## REQUIRED ACTION:
Below this line are records; transcribe exactly the lines between the one holding "From the moment" and the one holding "New Cafe Hampton", inclusive, and omit the pictures.

___ TASK MATERIAL

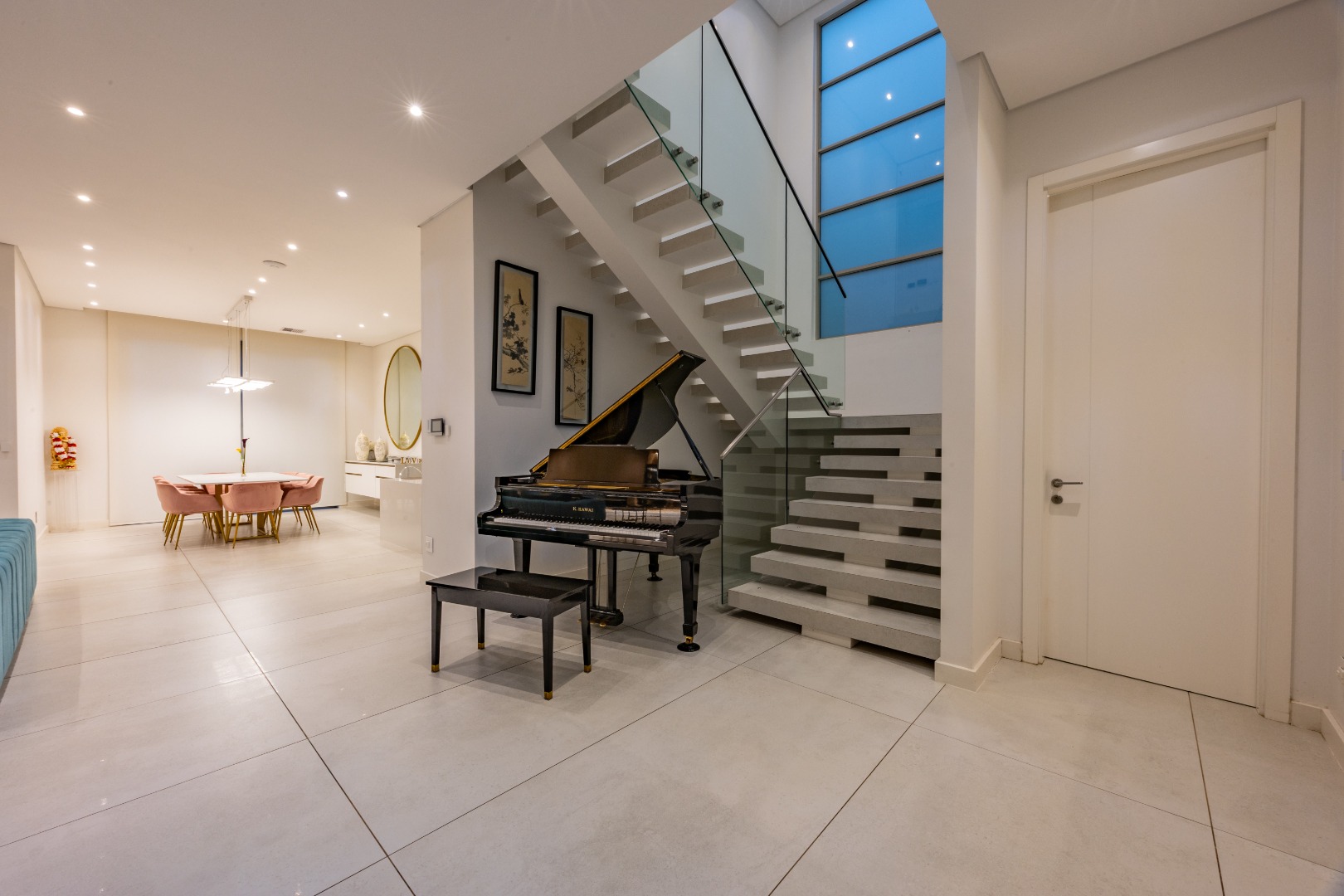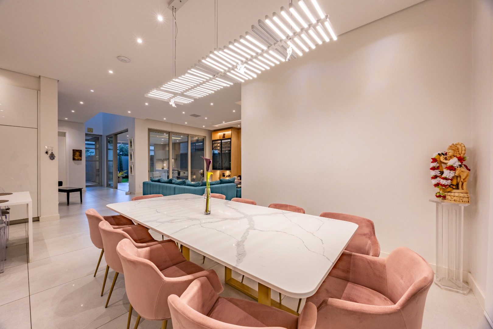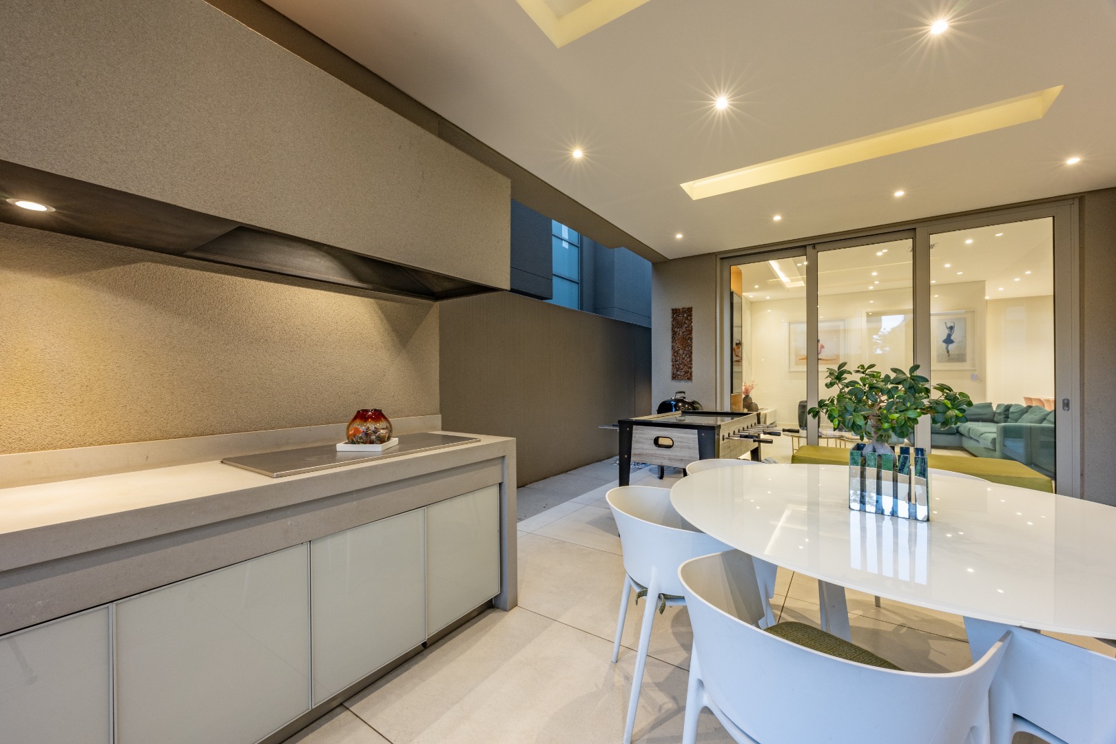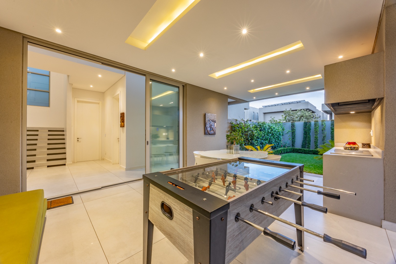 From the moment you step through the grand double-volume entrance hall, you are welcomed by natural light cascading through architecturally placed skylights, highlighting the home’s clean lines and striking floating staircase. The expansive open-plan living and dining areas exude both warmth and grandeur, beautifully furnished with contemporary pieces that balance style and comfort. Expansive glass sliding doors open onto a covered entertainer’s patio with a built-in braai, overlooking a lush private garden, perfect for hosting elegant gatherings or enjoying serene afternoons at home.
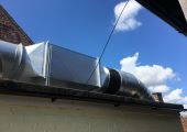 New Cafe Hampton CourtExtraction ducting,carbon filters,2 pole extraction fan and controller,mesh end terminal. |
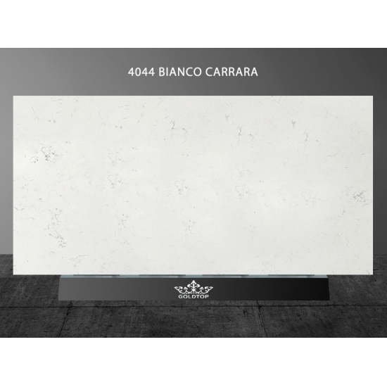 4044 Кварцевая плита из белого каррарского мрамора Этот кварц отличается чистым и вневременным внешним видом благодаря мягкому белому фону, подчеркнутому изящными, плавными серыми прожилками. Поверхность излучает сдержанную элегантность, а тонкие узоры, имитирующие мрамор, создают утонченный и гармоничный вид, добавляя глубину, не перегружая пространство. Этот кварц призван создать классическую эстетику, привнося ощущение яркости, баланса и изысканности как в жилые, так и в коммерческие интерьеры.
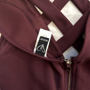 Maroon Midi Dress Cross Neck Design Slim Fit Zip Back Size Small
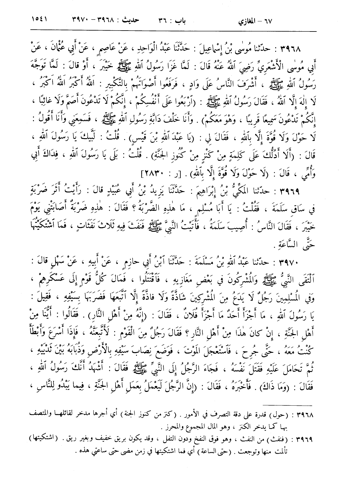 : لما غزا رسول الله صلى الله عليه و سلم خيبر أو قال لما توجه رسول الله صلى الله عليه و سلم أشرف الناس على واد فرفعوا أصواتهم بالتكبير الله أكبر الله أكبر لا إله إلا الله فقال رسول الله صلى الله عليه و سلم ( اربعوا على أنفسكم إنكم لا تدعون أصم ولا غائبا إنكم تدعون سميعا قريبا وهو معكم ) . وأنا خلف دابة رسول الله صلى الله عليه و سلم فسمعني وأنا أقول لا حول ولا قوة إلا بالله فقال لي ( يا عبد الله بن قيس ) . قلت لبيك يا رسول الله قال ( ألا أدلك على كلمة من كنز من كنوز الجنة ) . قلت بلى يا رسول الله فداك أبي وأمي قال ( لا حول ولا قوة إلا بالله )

______
___ TASK MATERIAL

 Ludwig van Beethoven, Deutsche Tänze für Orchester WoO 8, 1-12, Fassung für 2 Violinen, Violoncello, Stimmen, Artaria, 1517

______
___ TASK MATERIAL

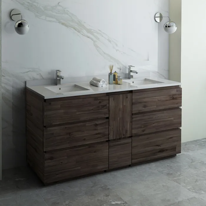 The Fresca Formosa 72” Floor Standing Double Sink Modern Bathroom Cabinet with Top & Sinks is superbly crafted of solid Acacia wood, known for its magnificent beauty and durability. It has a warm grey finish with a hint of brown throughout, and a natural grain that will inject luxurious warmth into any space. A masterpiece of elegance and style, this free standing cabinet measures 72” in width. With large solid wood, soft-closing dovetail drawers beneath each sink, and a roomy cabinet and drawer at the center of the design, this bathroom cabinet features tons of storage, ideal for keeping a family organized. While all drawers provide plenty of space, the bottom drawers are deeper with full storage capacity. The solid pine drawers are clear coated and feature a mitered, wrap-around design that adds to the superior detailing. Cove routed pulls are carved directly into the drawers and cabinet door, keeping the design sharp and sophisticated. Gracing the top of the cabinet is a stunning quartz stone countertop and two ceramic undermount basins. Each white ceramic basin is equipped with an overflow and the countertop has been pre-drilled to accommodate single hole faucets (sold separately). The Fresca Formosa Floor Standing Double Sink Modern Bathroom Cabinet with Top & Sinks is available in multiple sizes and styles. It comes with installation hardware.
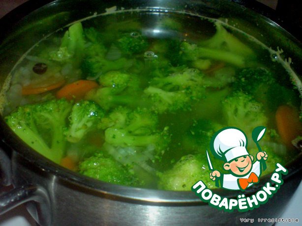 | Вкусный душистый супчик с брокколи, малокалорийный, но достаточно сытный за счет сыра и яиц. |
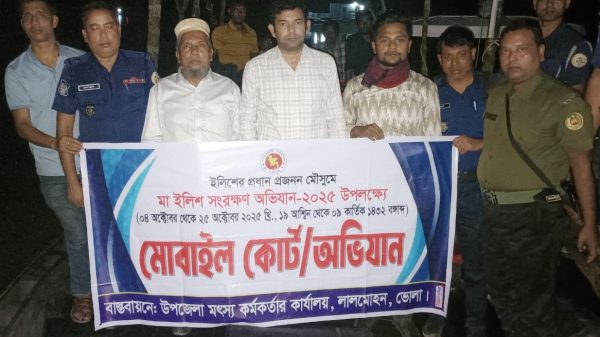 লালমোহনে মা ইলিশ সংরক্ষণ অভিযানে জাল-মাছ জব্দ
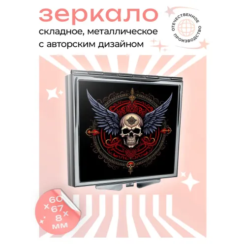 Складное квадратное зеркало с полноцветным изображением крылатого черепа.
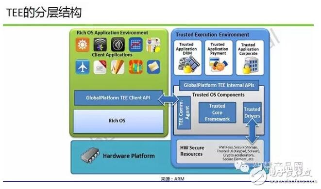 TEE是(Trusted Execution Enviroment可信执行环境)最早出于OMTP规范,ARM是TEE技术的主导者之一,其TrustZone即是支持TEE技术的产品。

______

## ANSWER TO THIS EXERCISE:
 From the moment you step through the grand double-volume entrance hall, you are welcomed by natural light cascading through architecturally placed skylights, highlighting the home’s clean lines and striking floating staircase. The expansive open-plan living and dining areas exude both warmth and grandeur, beautifully furnished with contemporary pieces that balance style and comfort. Expansive glass sliding doors open onto a covered entertainer’s patio with a built-in braai, overlooking a lush private garden, perfect for hosting elegant gatherings or enjoying serene afternoons at home.
 New Cafe Hampton CourtExtraction ducting,carbon filters,2 pole extraction fan and controller,mesh end terminal. |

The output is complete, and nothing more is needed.